• WORK ORDER
Return, verbatim and in full, the records that follow, but not their pictures.

• RECORDS SHOWN
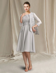 Two Piece A-Line Mother of the Bride Dress Church Elegant Jewel Neck Knee Length Chiffon Lace Sleeveless Wrap Included with Pleats Appliques
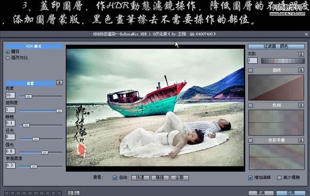 3、新建一個(gè)圖層,按ctrl + alt + shift + e蓋印圖層,用外掛濾鏡:hdr濾鏡操作(如果沒(méi)有安裝可以去網(wǎng)上下載),參數(shù)設(shè)置如下圖,確定后把圖層不透明度改為:27,加上圖層蒙版,用黑色畫(huà)筆擦去不需要操作的部位。 4、新建一個(gè)圖層,蓋印圖層,適當(dāng)?shù)膱D層銳化一下。
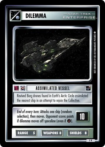 | Game Text | End of every turn: Attacks one ship (random selection), then moves. Opponent scores points if dilemma moves off spaceline (even if |
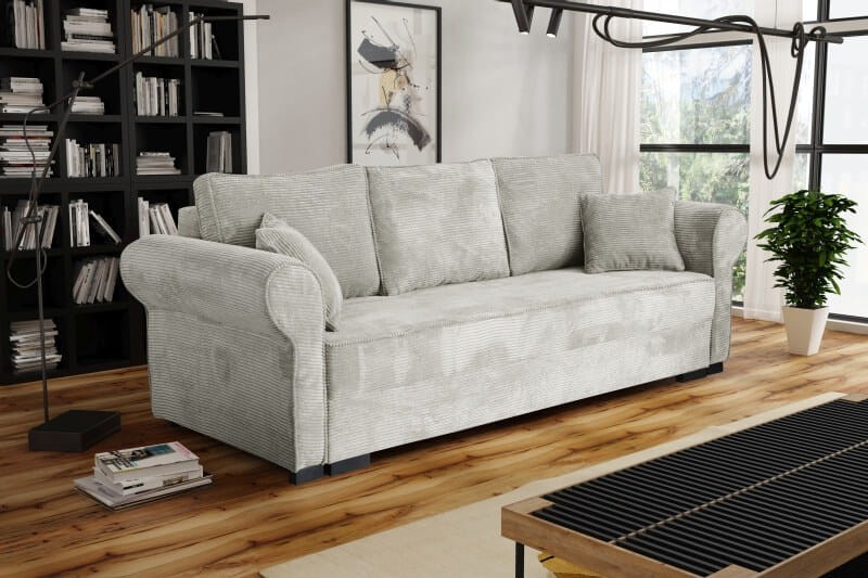 Nowoczesna sofa z funkcją spania i pojemnikiem na pościel. Wykończona mięciutką w dotyku tkaniną plamoodporną i wodoodporną. Doskonale sprawdzi się zarówno w salonie, jak i pokoju młodzieżowym. To wygodny i ponadczasowy mebel, który w nocy zamieni się w wygodne łóżko. Solidna, stabilna i modna urzeka od pierwszego wejrzenia.
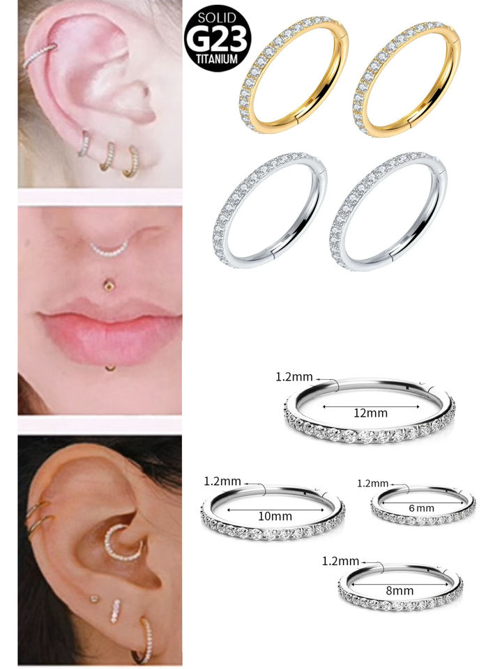 Anneaux segmentés romantiques en zircon, anneau de nez, anneau de septum, boucles d'oreilles créoles en titane, bijoux de piercing corporel Daith Lelix pour filles

• SOLUTION FOR THIS TASK
 Two Piece A-Line Mother of the Bride Dress Church Elegant Jewel Neck Knee Length Chiffon Lace Sleeveless Wrap Included with Pleats Appliques
 3、新建一個(gè)圖層,按ctrl + alt + shift + e蓋印圖層,用外掛濾鏡:hdr濾鏡操作(如果沒(méi)有安裝可以去網(wǎng)上下載),參數(shù)設(shè)置如下圖,確定后把圖層不透明度改為:27,加上圖層蒙版,用黑色畫(huà)筆擦去不需要操作的部位。 4、新建一個(gè)圖層,蓋印圖層,適當(dāng)?shù)膱D層銳化一下。
 | Game Text | End of every turn: Attacks one ship (random selection), then moves. Opponent scores points if dilemma moves off spaceline (even if |
 Nowoczesna sofa z funkcją spania i pojemnikiem na pościel. Wykończona mięciutką w dotyku tkaniną plamoodporną i wodoodporną. Doskonale sprawdzi się zarówno w salonie, jak i pokoju młodzieżowym. To wygodny i ponadczasowy mebel, który w nocy zamieni się w wygodne łóżko. Solidna, stabilna i modna urzeka od pierwszego wejrzenia.
 Anneaux segmentés romantiques en zircon, anneau de nez, anneau de septum, boucles d'oreilles créoles en titane, bijoux de piercing corporel Daith Lelix pour filles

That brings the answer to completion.